** Opening Extracted entries block **

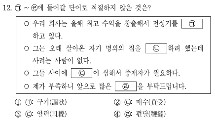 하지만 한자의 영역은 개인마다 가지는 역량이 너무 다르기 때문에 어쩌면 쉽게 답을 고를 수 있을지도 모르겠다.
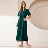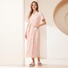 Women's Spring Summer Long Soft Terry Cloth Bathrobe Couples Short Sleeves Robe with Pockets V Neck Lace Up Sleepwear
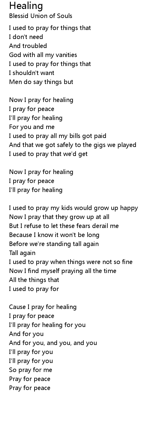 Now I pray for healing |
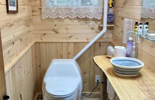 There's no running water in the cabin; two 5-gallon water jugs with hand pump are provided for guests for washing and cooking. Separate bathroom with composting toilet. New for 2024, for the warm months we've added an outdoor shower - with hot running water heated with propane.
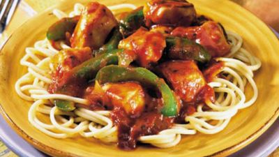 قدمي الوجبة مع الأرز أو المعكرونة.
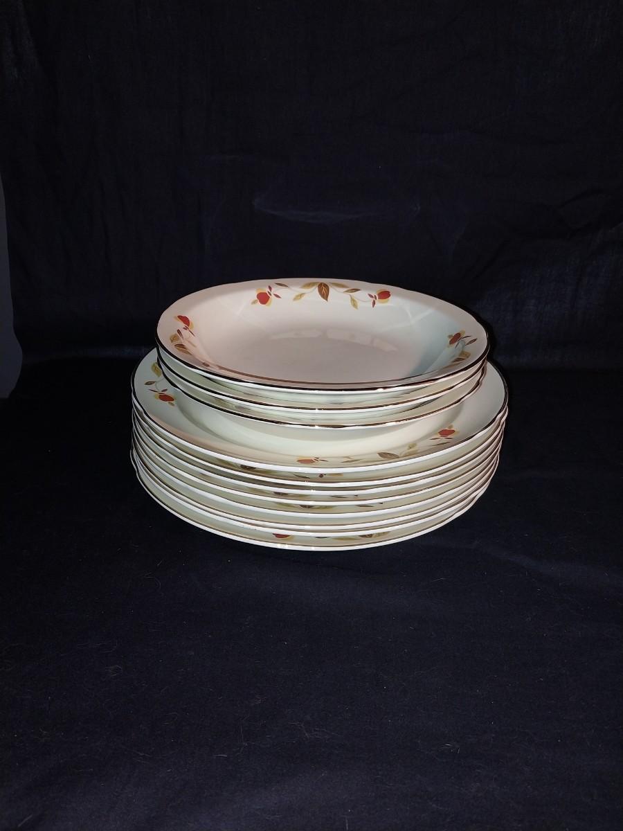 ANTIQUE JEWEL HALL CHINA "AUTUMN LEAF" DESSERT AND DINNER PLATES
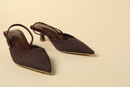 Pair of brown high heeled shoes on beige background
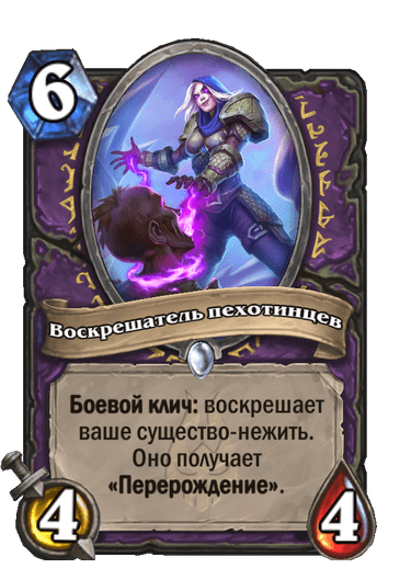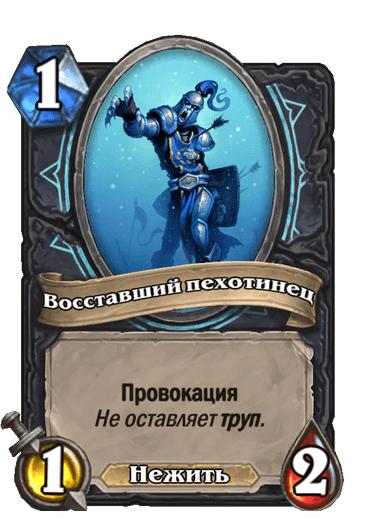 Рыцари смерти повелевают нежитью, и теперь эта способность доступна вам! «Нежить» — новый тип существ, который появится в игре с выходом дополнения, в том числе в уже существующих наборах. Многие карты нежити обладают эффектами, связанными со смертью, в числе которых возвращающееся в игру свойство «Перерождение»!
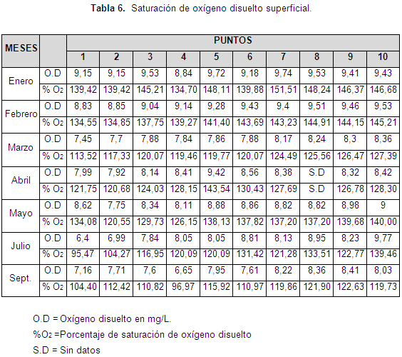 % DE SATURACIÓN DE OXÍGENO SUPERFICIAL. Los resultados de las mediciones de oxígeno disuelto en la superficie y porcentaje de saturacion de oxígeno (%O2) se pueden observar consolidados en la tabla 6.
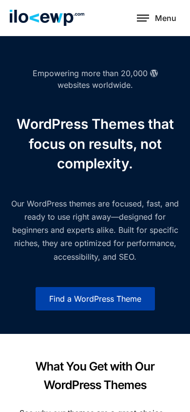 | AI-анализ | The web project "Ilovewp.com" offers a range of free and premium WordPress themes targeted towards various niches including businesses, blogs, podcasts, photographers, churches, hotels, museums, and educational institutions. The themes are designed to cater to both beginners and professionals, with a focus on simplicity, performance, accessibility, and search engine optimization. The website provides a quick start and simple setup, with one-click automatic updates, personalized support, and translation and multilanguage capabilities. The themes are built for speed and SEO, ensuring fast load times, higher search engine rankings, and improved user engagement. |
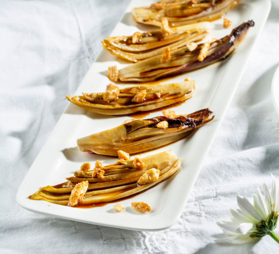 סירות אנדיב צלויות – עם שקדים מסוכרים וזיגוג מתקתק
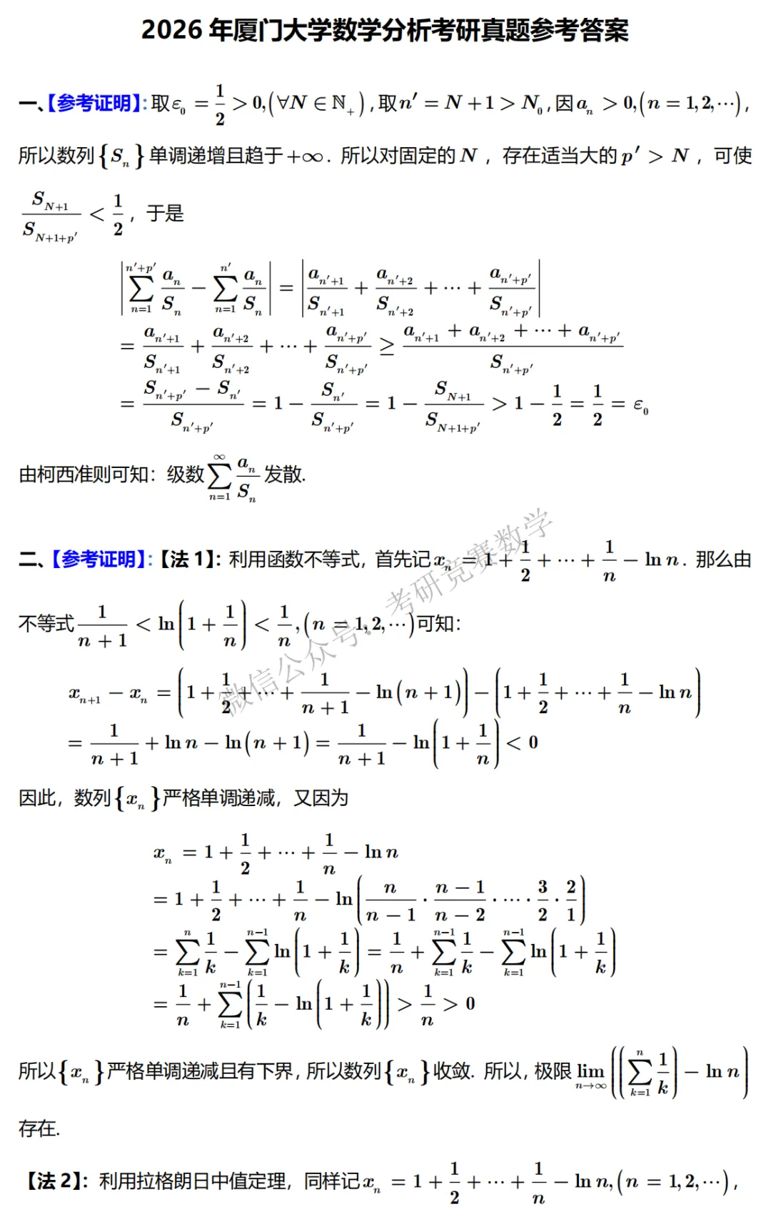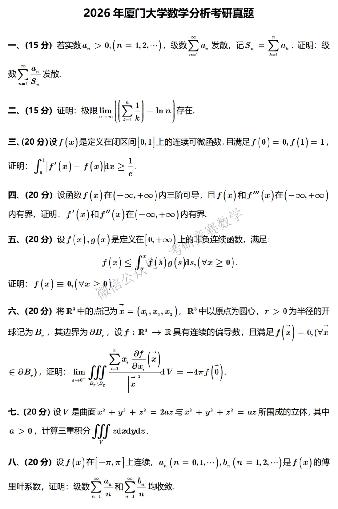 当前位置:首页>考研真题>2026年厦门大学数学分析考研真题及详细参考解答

** Closing Extracted entries block **
** Opening Extracted entries block **

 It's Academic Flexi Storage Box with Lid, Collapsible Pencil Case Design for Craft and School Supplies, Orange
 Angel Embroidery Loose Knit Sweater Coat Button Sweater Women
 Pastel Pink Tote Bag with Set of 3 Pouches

** Closing Extracted entries block **

**What needs to be done:**
Only one stretch of the data is wanted: write out exactly the lines from the one holding "Рыцари смерти повелевают" through the one holding "当前位置:首页>考研真题>2026年厦门大学数学分析考研真题及详细参考解答", both included, without the pictures.

**Answer space:**
 Рыцари смерти повелевают нежитью, и теперь эта способность доступна вам! «Нежить» — новый тип существ, который появится в игре с выходом дополнения, в том числе в уже существующих наборах. Многие карты нежити обладают эффектами, связанными со смертью, в числе которых возвращающееся в игру свойство «Перерождение»!
 % DE SATURACIÓN DE OXÍGENO SUPERFICIAL. Los resultados de las mediciones de oxígeno disuelto en la superficie y porcentaje de saturacion de oxígeno (%O2) se pueden observar consolidados en la tabla 6.
 | AI-анализ | The web project "Ilovewp.com" offers a range of free and premium WordPress themes targeted towards various niches including businesses, blogs, podcasts, photographers, churches, hotels, museums, and educational institutions. The themes are designed to cater to both beginners and professionals, with a focus on simplicity, performance, accessibility, and search engine optimization. The website provides a quick start and simple setup, with one-click automatic updates, personalized support, and translation and multilanguage capabilities. The themes are built for speed and SEO, ensuring fast load times, higher search engine rankings, and improved user engagement. |
 סירות אנדיב צלויות – עם שקדים מסוכרים וזיגוג מתקתק
 当前位置:首页>考研真题>2026年厦门大学数学分析考研真题及详细参考解答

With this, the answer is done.